Supplied material:

↓↓↓

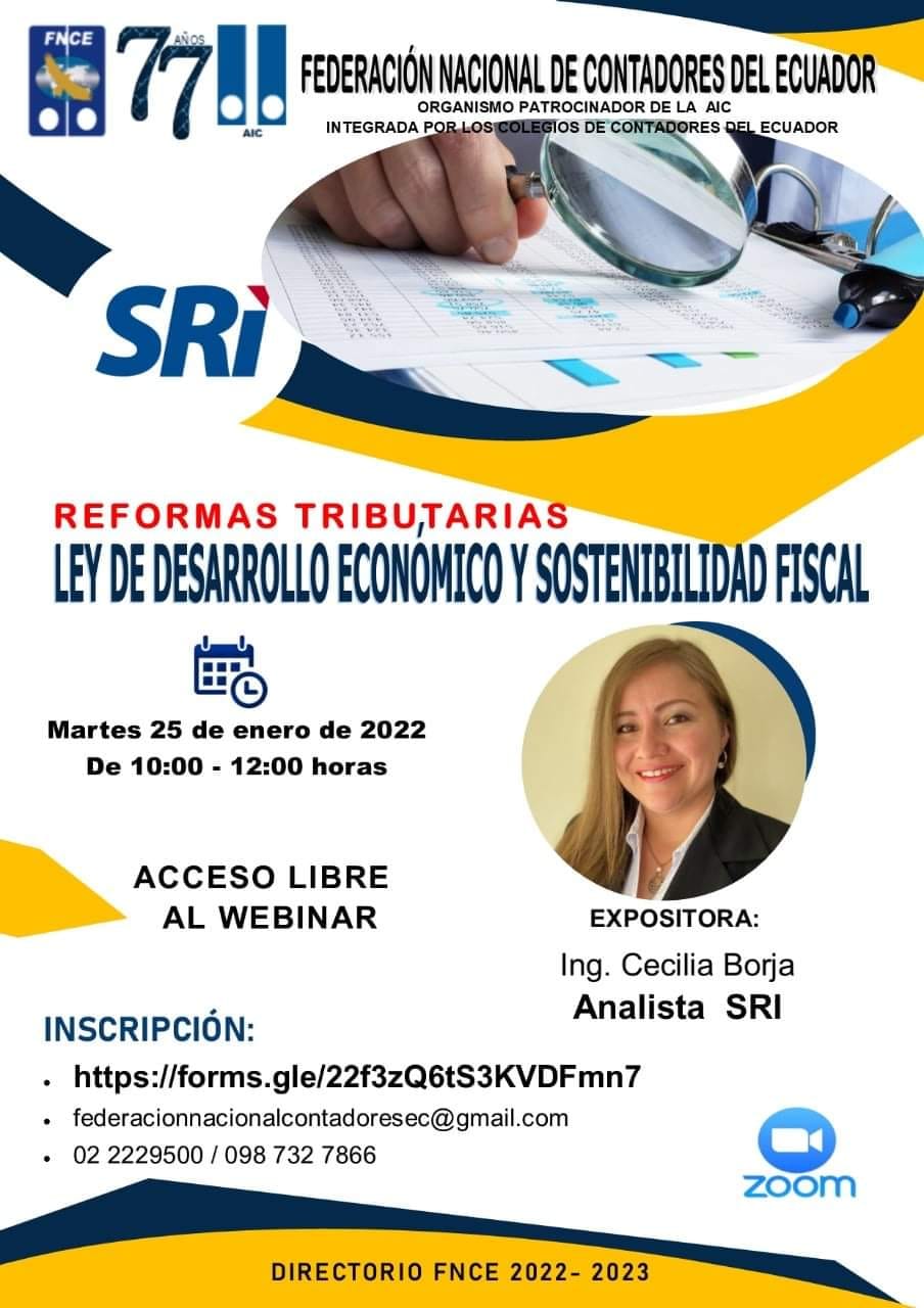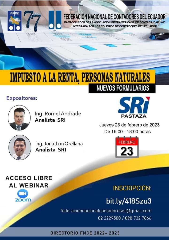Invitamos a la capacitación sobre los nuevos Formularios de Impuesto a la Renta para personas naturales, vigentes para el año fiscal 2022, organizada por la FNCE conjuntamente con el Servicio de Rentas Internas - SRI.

↑↑↑
↓↓↓

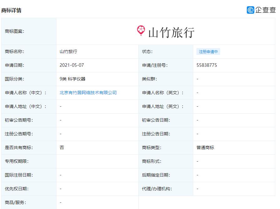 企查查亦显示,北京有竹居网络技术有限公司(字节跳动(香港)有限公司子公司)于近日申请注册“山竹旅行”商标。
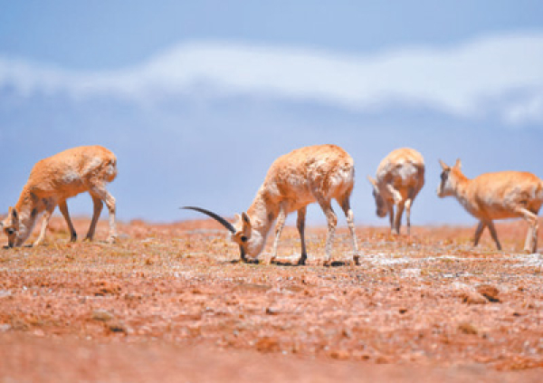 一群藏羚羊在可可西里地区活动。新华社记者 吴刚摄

↑↑↑

Task item:
Copy only the lines above from the one containing "企查查亦显示,北京有竹居网络" through the one containing "一群藏羚羊在可可西里地区活动。新华社记者 吴刚摄", both included. Leave out the pictures.

Exercise output:
 企查查亦显示,北京有竹居网络技术有限公司(字节跳动(香港)有限公司子公司)于近日申请注册“山竹旅行”商标。
 一群藏羚羊在可可西里地区活动。新华社记者 吴刚摄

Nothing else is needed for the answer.